There are limitations to the study design and methodology that deserve mention and highlight avenues for future research. First, because it draws from one system that is clearly aligned with promoting EBPs—this sample may not be representative of clinicians in this system or other public behavioral health systems. The specificity of implementation strategies that emerge from an innovation tournament conducted within a given service system is both an advantage and a limitation of this approach—the strategies developed through the tournament may be ideal for a particular context and system but may not generalize to other contexts and systems. Second, beyond “winning” the tournament, clinicians in our study were not promised that their ideas would be implemented. This may have restricted clinicians’ willingness to participate or encouraged ideas that were not “implementable.” Given evidence suggesting discordance between behavior and stated preferences [
47], we framed tournament ideas as an “input” to design rather than relying entirely on stated preferences. Moving these inputs to design will require additional scholarship and analysis. Currently, we are re-analyzing the ideas emphasizing behavioral processes and barriers, not just elicited preferences, as part of a multifaceted approach towards implementation strategy design.
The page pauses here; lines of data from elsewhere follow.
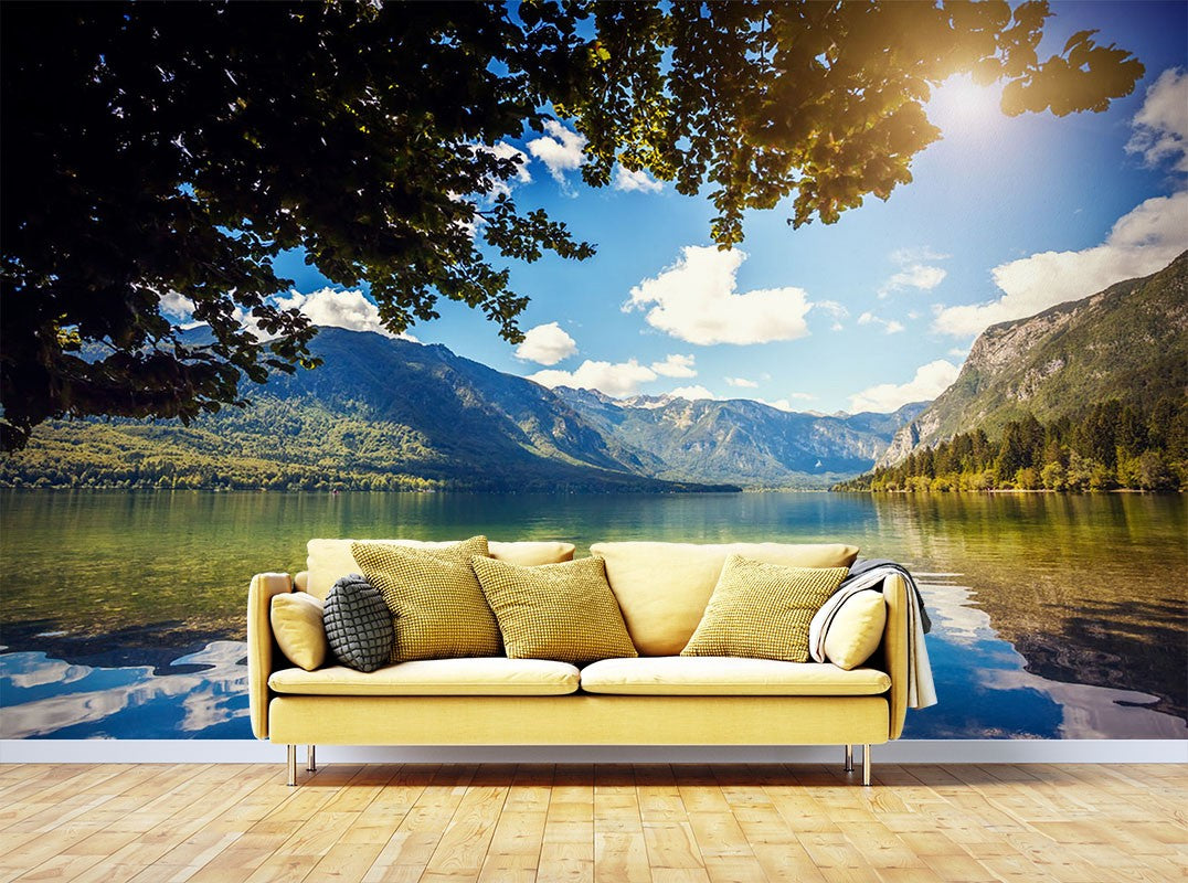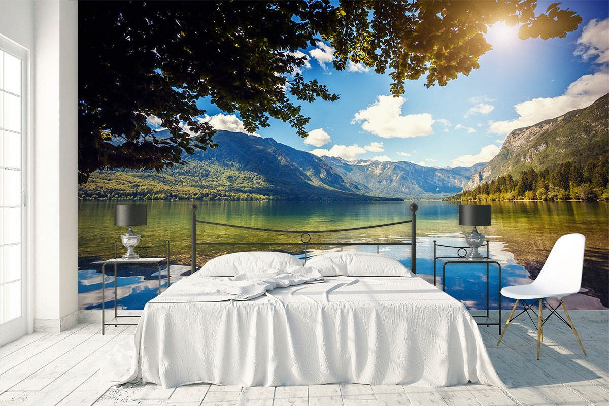 Mirror Like Nature Lakes Blue Wallpaper Mural,Self-Adhesive Peel And Stick 3D Wall Art,Bedroom Removable Wall Decor
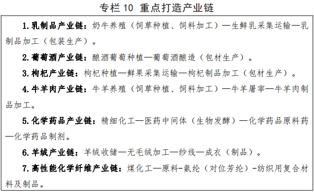 (一)产业链条锻造工程。 紧扣“ 六特 ”“ 六优 ”产业发展形成的新基础新优势,加快布局新赛道、建强产业链。推动具备规模和配套优势的产业链升级改造, 增强关键节点和链主企业市场竞争力。 围绕葡萄酒、乳制品、构纪制品、化学纤维等特色行业, 加强招商引资,推动产业链延伸补强。支持链主企业发挥引领带动作用, 积极构建上下游关系稳定、质量标准统一、多方共赢、可持续发展的供应链体系。建立产业链运行监测机制, 加强风险评估和信息服务。到 2027 年,重点打造 7条产业链,推动产业深加工规模实力不断增强,成为产业发展重要支撑。
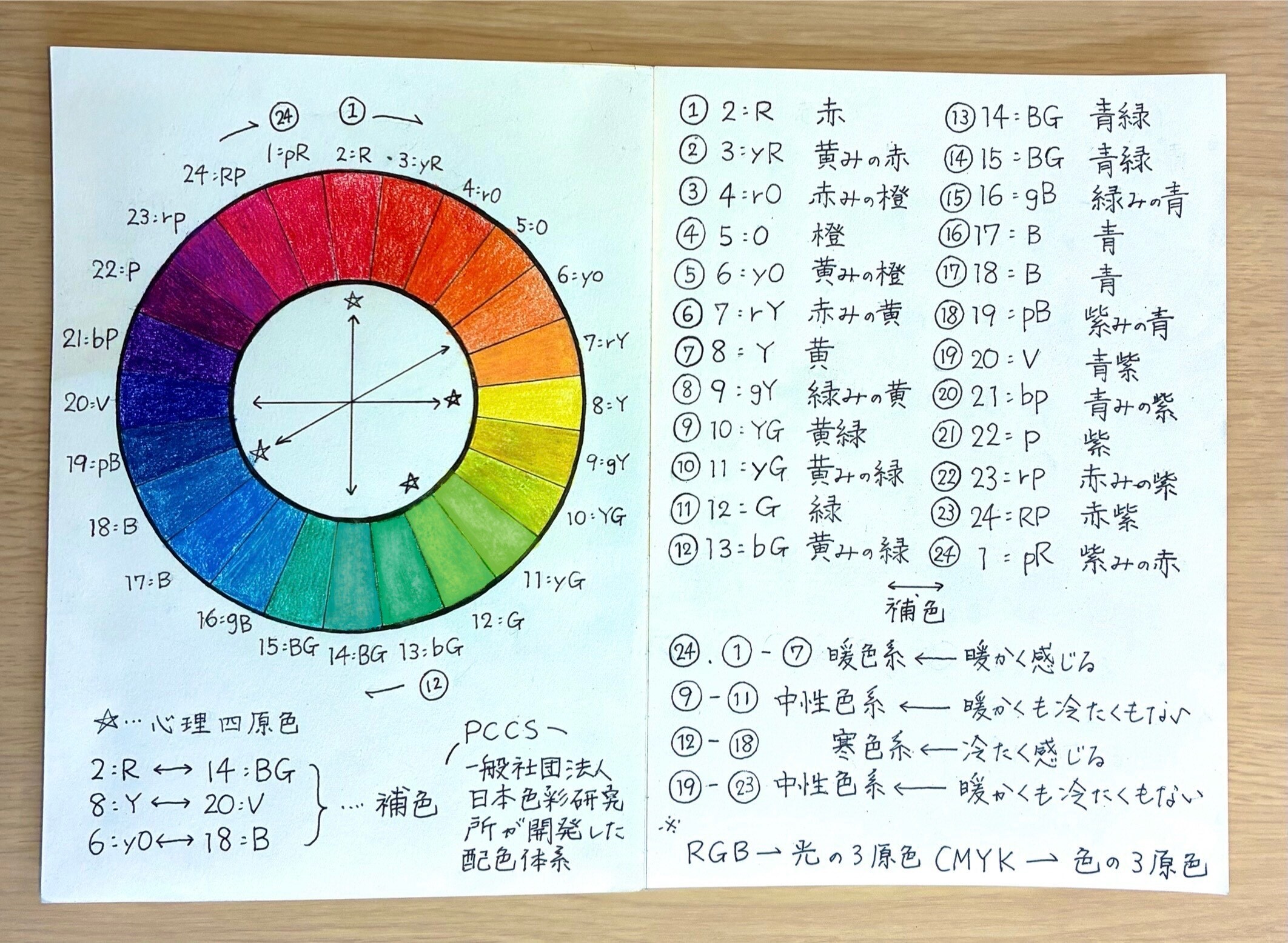 PCCS色相環は覚えると日常に役立てられる知識です。より学ぶと色彩検定の資格取得にも繋がるでしょう。しかし、色の分野の暗記は数学や科学とは違って視覚的な補助を必要とします。効率的な学びにはノートを使うのがおすすめです。見開きを活用して色への理解を深めましょう。色の分類や法則を捉えることで、配色への意識が高まるでしょう。配色はデザインや美術だけでなく、ファッションや料理の盛り付けにも役立ちます。ぜひ、今回ご紹介した暗記術を試してみてください。
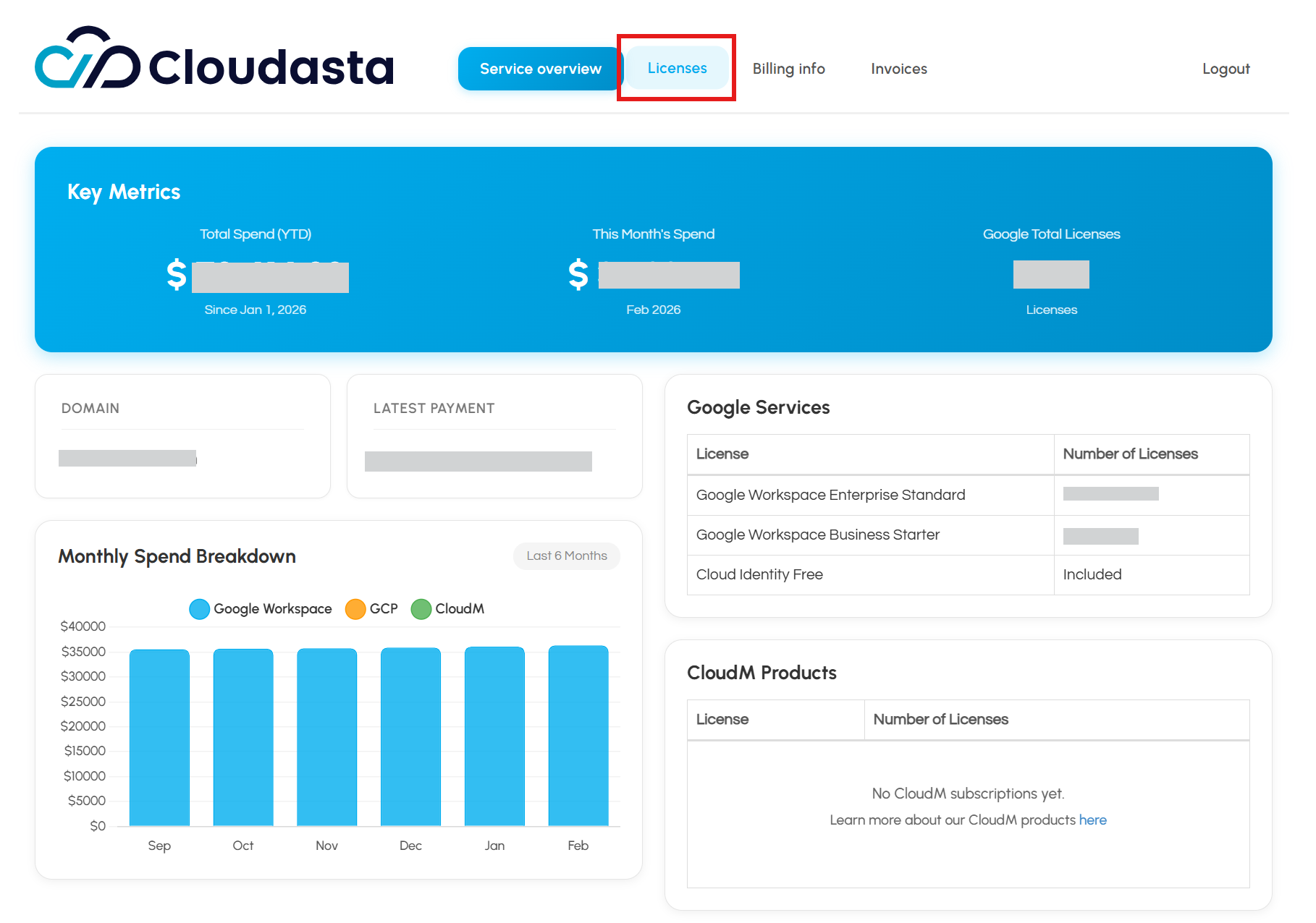 - Access our billing portal (https://billing.cloudasta.com) and use your Super Admin credentials to log in.
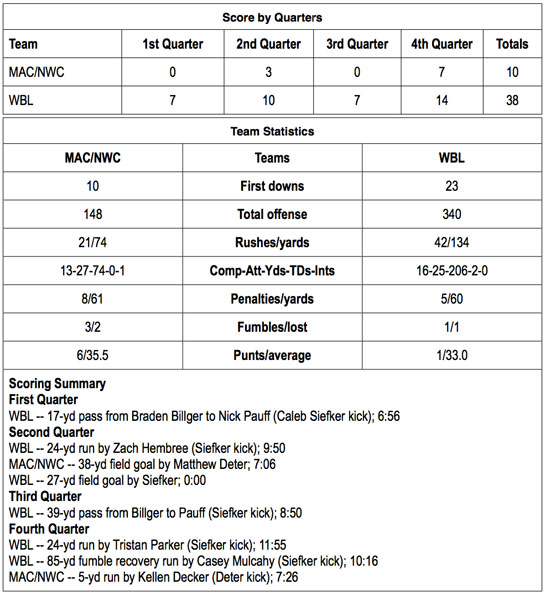 The WBL had the only score of the third quarter when Billger again found Pauff open for a 39-yard touchdown pass with 8:50 remaining in the quarter. Siefker again kicked the extra point for a 24-3 WBL lead.
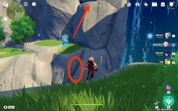 先爬到这个高台上,这上面应该有个木箱,有木箱就变桶贴在后面,没有木箱就直接变成木箱,猎人来了直接隐身飞下面我画圈的那个石头那,那个位置基本是死角,很难看见,等猎人走了再重新爬上来。如果被定位了的话,就只能按图二的飞对面山崖再反向回飞等定位过了隐身再继续贴那凹槽那里了。总的来说这个图游侠比较坐牢。
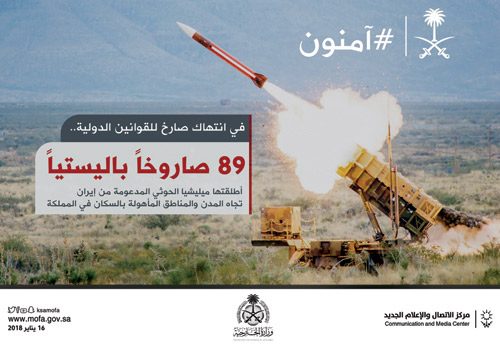 انفجار صاروخ باليستي حوثي أثناء محاولة إطلاقه. مستمرون في تحييد وتدمير القدرات النوعية للميليشيا الإرهابية في اليمن. أفادت قناة العربية فى نبأ عاجل لها مساء اليوم السبت بإعلان تحالف دعم الشرعية فى اليمن اعتراض وإحباط هجوم باليستى عدائى حوثى باتجاه المنطقة الشرقية فى السعودية.
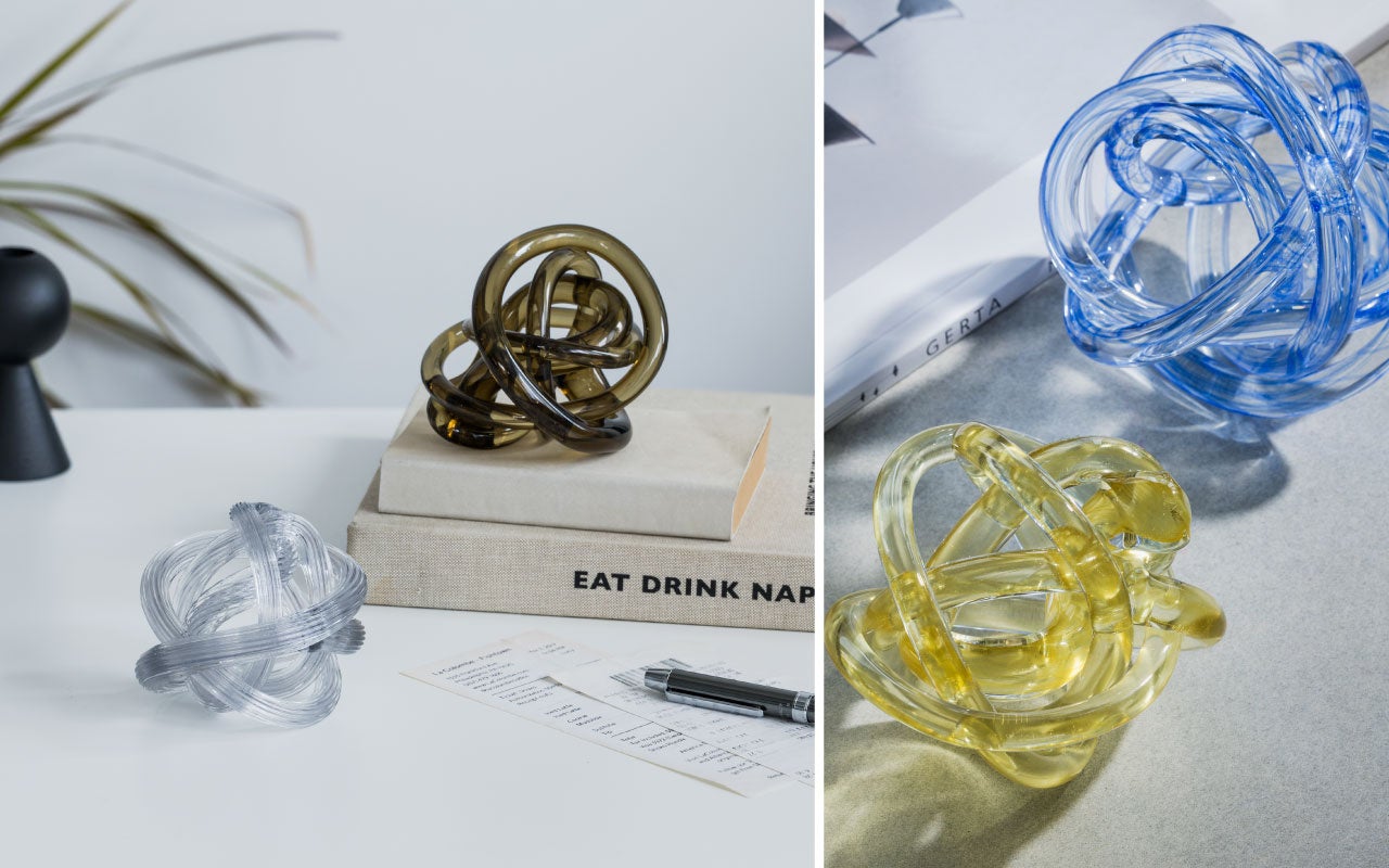 引きのばされたガラスをくるくる丸めたようなアーティーなオブジェ。巻き方や形のバランスなど、ひとつひとつ違うのも素敵です。作り手の感性が生かされた直径約10センチの不思議な存在感は、リビングや寝室など、おうちの好きな空間に置くだけで、洗練された雰囲気に。カラーはシーモノらしいこだわりが感じられる〈FLOW〉〈REPETITION〉〈CIRCUIT〉〈STREAM〉の4種類です。当たる光によってさまざまな表情が楽しめる美しいデザインです。

Third, although our response rate was more than double that of the average innovation tournament, some tournaments have generated much higher participation rates, even in larger organizations. Future research should examine how participants’ expectations regarding the eventual implementation of their ideas influence engagement. Fourth, we elected to form a Challenge Committee of city administrators, agency stakeholders, and experts in behavioral economics to decide on the winners; a challenge committee comprised of different stakeholder groups (e.g., clinicians, patients) may have selected different strategies as winners. Future studies should compare whether different stakeholder groups select the same or different strategies and, most importantly, whether these choices predict the effectiveness of strategies used to improvement EBP implementation within the system.
Conclusion
Through a novel methodology for participatory design, findings from this study highlight the feasibility and utility of engaging clinicians—arguably the ultimate target of implementation strategies—through a structured, system-wide innovation tournament. Moreover, the innovation process does not have to end with the final and winning ideas [
24]. Analysis of all of the ideas (or better yet, re-engagement with those who did not have winning ideas) can provide a fertile ground for future research. We believe the tournament succeeded in engaging stakeholders with critical expertise and provided valuable data that furthers the science of developing implementation strategies to improve the implementation of EBPs. More importantly, the success of our tournament was in engaging and empowering the community. Although we did not measure acceptability directly, the overwhelming enthusiasm for this project from clinicians, agency administrators, and city officials indicated to us that clinicians were pleased to be queried and felt validated that their ideas and viewpoints were not only heard, but celebrated. The clear implication to us is that involving clinicians in every stage of implementation (from strategy design to sustainability) consistent with community-participatory research is essential to designing effective implementation strategies that improve the quality of community-based care.